_What the task requires_.
Pictures excluded, copy all of the data below exactly.

_Given data_.
────────────────

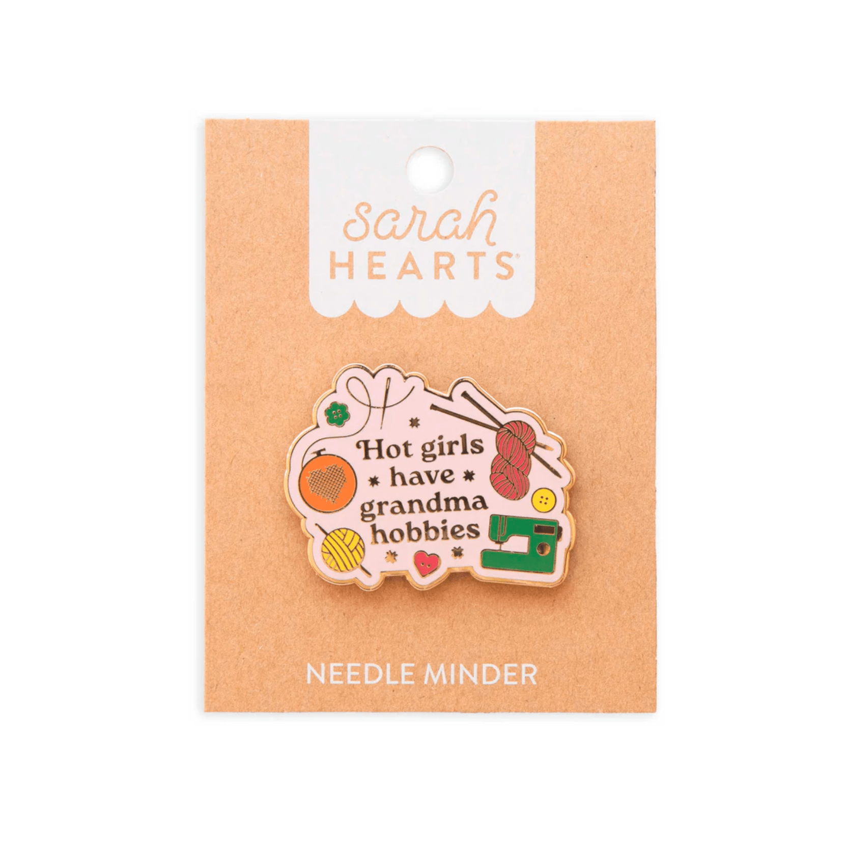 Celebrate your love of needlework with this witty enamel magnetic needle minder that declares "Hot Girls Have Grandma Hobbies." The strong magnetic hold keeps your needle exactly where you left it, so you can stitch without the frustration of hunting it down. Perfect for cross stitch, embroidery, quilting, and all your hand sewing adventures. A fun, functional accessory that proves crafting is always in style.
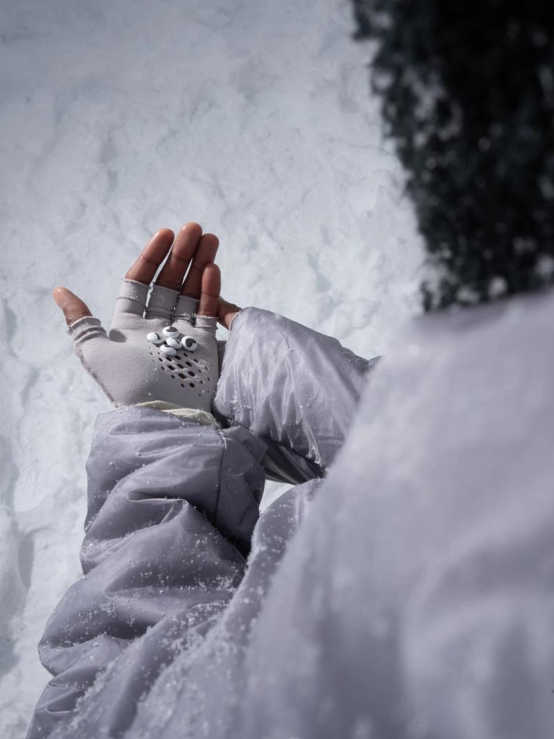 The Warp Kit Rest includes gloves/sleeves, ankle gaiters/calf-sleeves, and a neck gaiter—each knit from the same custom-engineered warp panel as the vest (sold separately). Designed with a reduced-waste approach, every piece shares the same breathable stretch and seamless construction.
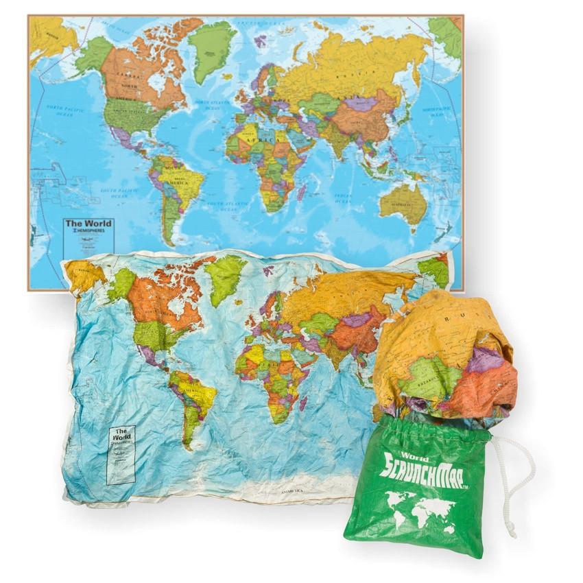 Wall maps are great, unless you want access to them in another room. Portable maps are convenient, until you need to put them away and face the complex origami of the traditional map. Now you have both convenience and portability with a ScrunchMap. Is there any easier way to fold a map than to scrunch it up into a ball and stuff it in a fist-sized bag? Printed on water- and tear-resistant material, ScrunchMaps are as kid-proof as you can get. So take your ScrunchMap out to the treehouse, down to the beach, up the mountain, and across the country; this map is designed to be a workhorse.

────────────────

_Solution to the problem_.
 Celebrate your love of needlework with this witty enamel magnetic needle minder that declares "Hot Girls Have Grandma Hobbies." The strong magnetic hold keeps your needle exactly where you left it, so you can stitch without the frustration of hunting it down. Perfect for cross stitch, embroidery, quilting, and all your hand sewing adventures. A fun, functional accessory that proves crafting is always in style.
 The Warp Kit Rest includes gloves/sleeves, ankle gaiters/calf-sleeves, and a neck gaiter—each knit from the same custom-engineered warp panel as the vest (sold separately). Designed with a reduced-waste approach, every piece shares the same breathable stretch and seamless construction.
 Wall maps are great, unless you want access to them in another room. Portable maps are convenient, until you need to put them away and face the complex origami of the traditional map. Now you have both convenience and portability with a ScrunchMap. Is there any easier way to fold a map than to scrunch it up into a ball and stuff it in a fist-sized bag? Printed on water- and tear-resistant material, ScrunchMaps are as kid-proof as you can get. So take your ScrunchMap out to the treehouse, down to the beach, up the mountain, and across the country; this map is designed to be a workhorse.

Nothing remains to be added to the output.